#### Activity
Pictures aside, the data must be reproduced exactly.

#### Stored data
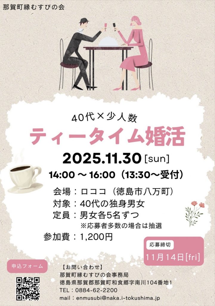 ※こちらのイベントはマリッサとくしまのイベントとは異なり那賀町独自のイベントとなりますので、お問い合わせに関しては下記記載の那賀町縁むすびの会事務局へ直接お問い合わせをお願いいたします。
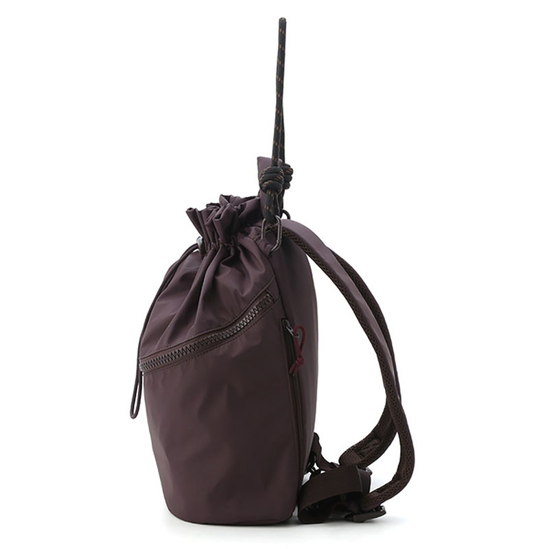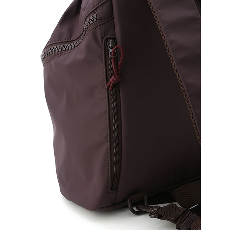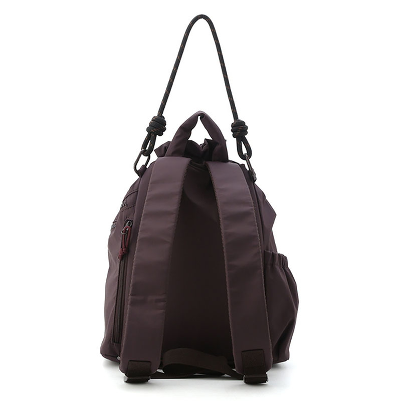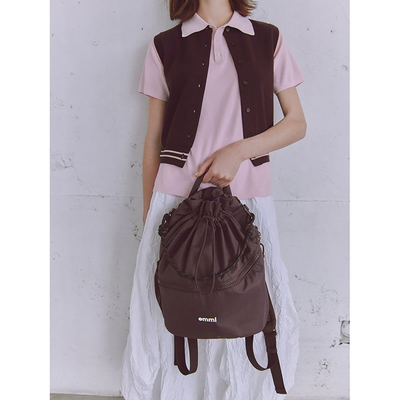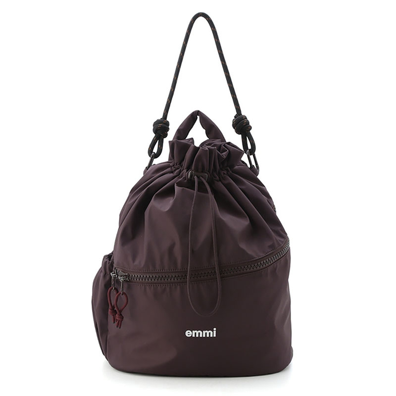 リュックサックとしてはもちろん、emmiらしいコードのショルダーハンドルで肩掛けのバックとしても。
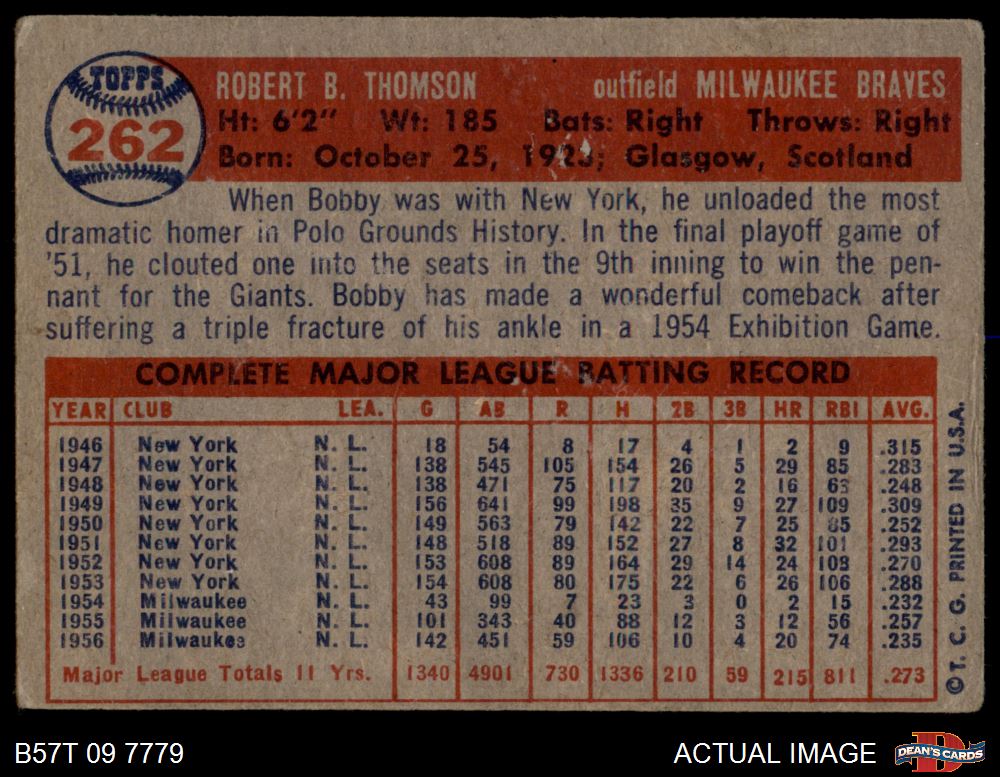 1957 Topps #262 Bobby Thomson 1 - POOR

#### Finished task
 ※こちらのイベントはマリッサとくしまのイベントとは異なり那賀町独自のイベントとなりますので、お問い合わせに関しては下記記載の那賀町縁むすびの会事務局へ直接お問い合わせをお願いいたします。
 リュックサックとしてはもちろん、emmiらしいコードのショルダーハンドルで肩掛けのバックとしても。
 1957 Topps #262 Bobby Thomson 1 - POOR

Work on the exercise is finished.